As per information available on the PSX, Agriauto Industries was incorporated in Pakistan on June 25, 1981, as a public limited company. The company is engaged in the manufacture and sale of components for automotive vehicles, motorcycles and agricultural tractors.
Its clients include Suzuki, Toyota and Atlas Honda, automakers that are struggling and have shut down plant operations on multiple occasions as the auto sector deals with inventory shortage due to import restrictions.
Import restrictions bite: Pak Suzuki extends automobile plant shutdown
Agriauto Stamping Company Pvt. Ltd, the wholly owned subsidiary of Agriauto Industries, will also observe partial shutdown in April 2023 due to the same reasons.

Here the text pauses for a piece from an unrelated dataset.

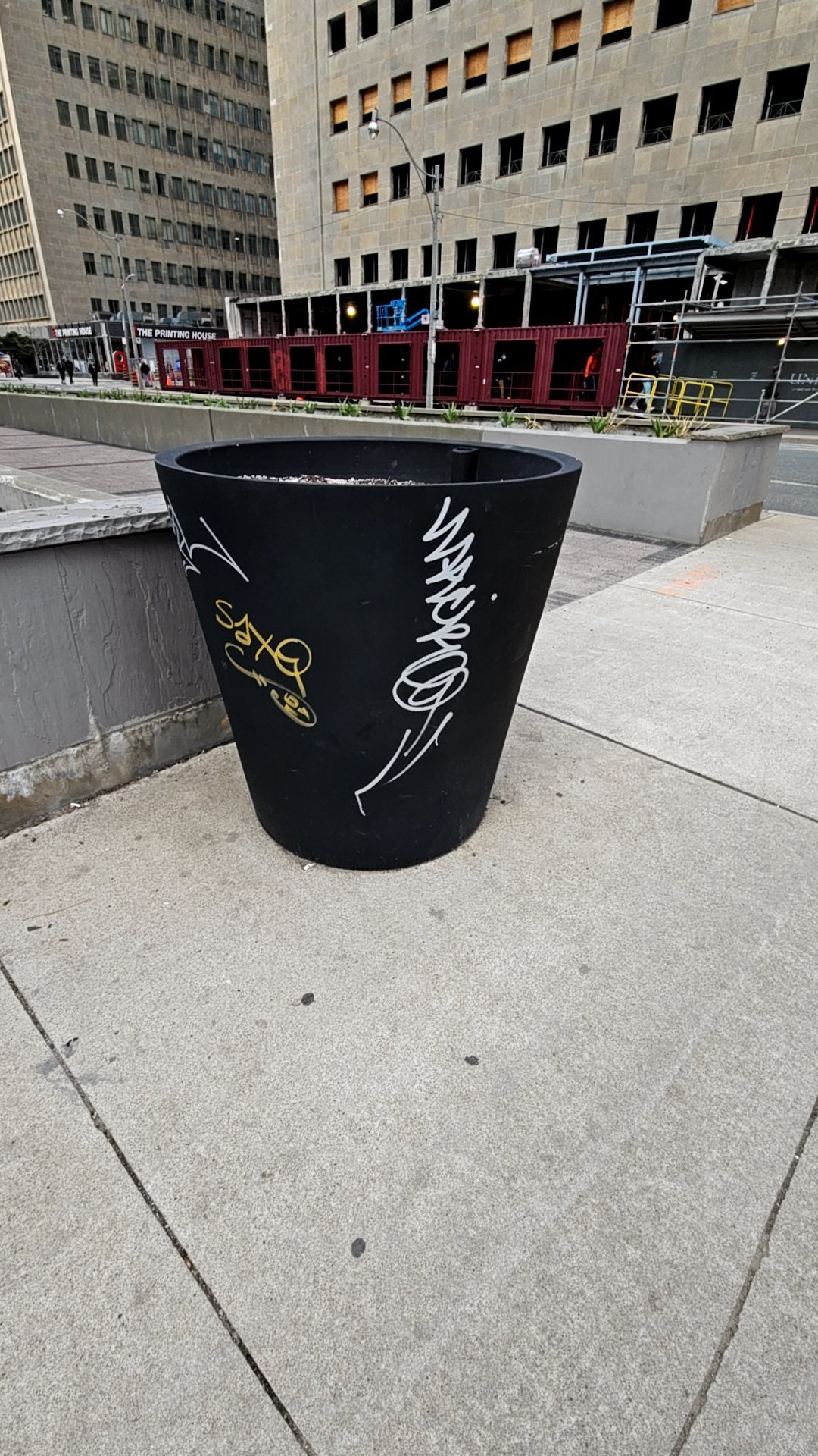 A black cylindrical planter on the public sidewalk at 250 Dundas Street West is covered with graffiti tags, including white line drawings and gold/yellow spray paint marks. The planter remains structurally intact but is visibly vandalized. The area has active road restrictions nearby in the downtown plaza near commercial buildings.

Last month, Agriauto said it was going to partially shut down its plant during the month of March.
Pakistan’s auto sector remains engulfed in various crises. Listed companies including Pak Suzuki Motor Company (PSMC), Indus Motor Company Limited and Honda Atlas Cars have also been forced to halt production during recent months due to economic difficulties that have seen central bank foreign exchange reserves drop to a level barely able to cover four weeks of imports, leading the government to impose import restrictions.
The country remains short of much-needed dollars to meet its import and other external payment commitments. Foreign exchange reserves held by the State Bank of Pakistan (SBP) decreased $354 million, clocking in at $4.2 billion as of March 24, data released last week showed.
A shortage of foreign currency reserves has added pressure on the economy that relies heavily on imports to run its engines.
Meanwhile, the government remains busy wooing the International Monetary Fund (IMF) to revive the stalled Extended Fund Facility (EFF) programme, which if approved by its board would release a funding tranche of over $1 billion.